Repeat the data word for word and skip the pictures.

(Beginning of Supplied information)

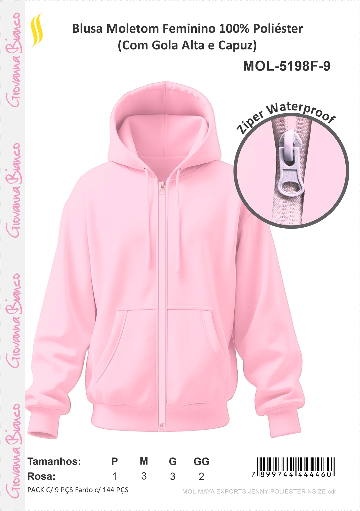 MOLETOM FEM 100%POL GOLA ALTA C/CAPUZ ROSA
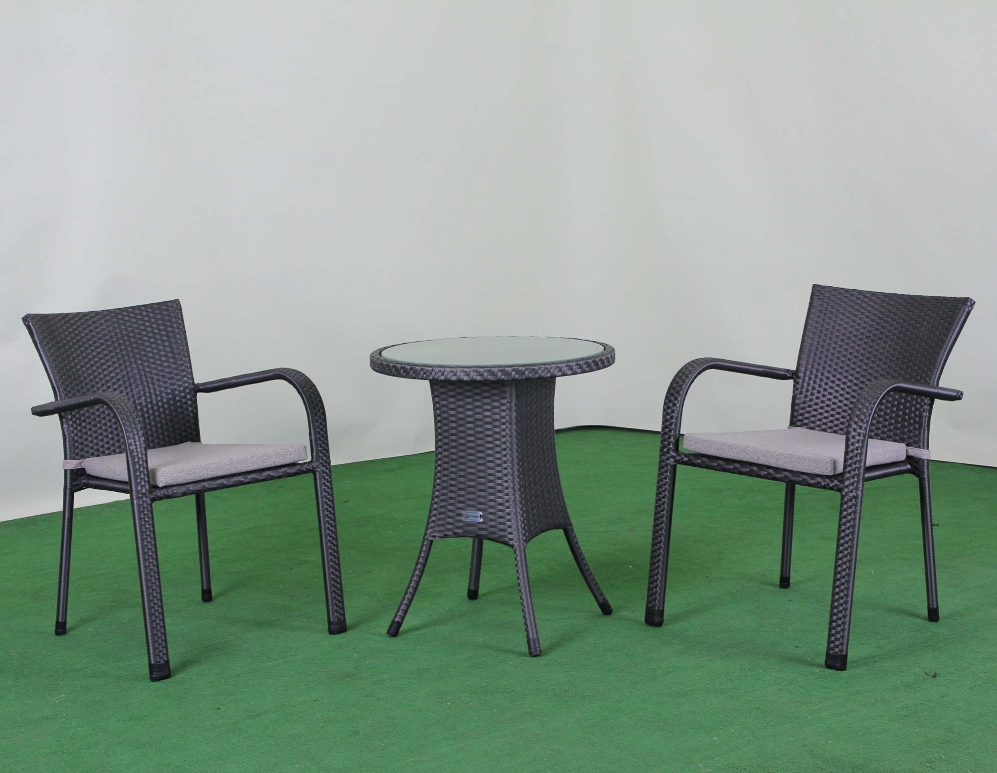 Комплект садових меблів Greengard Терра— стильне та сучасне рішення для облаштування затишного балкона чи невеликої зони відпочинку. Набір складається зі столу та двох стільців із підлокітниками. Штучний ротанг забезпечує легкість та привабливий вигляд, а скляна стільниця додає елегантності та практичності. Металевий каркас гарантує надійність конструкцій і стійкість до щоденного використання. За бажанням комплект можна доукомплектувати м’якими подушками.
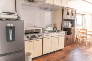 The carefully designed interior has a somewhat chic, retro Western-style atmosphere. In the living room, you can watch the latest video streaming services on a super-large 150-inch screen. The speakers are 5.1ch surround speakers. You can enjoy movies and music with cinema-quality sound.
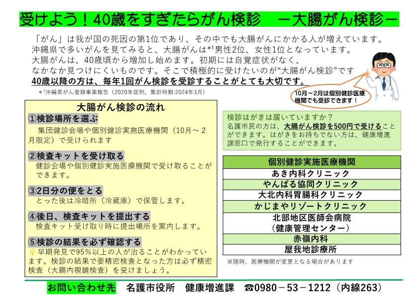 大腸がん検診が個別医療機関でも受けられます。

(End of Supplied information)

Exercise answer —
 MOLETOM FEM 100%POL GOLA ALTA C/CAPUZ ROSA
 Комплект садових меблів Greengard Терра— стильне та сучасне рішення для облаштування затишного балкона чи невеликої зони відпочинку. Набір складається зі столу та двох стільців із підлокітниками. Штучний ротанг забезпечує легкість та привабливий вигляд, а скляна стільниця додає елегантності та практичності. Металевий каркас гарантує надійність конструкцій і стійкість до щоденного використання. За бажанням комплект можна доукомплектувати м’якими подушками.
 The carefully designed interior has a somewhat chic, retro Western-style atmosphere. In the living room, you can watch the latest video streaming services on a super-large 150-inch screen. The speakers are 5.1ch surround speakers. You can enjoy movies and music with cinema-quality sound.
 大腸がん検診が個別医療機関でも受けられます。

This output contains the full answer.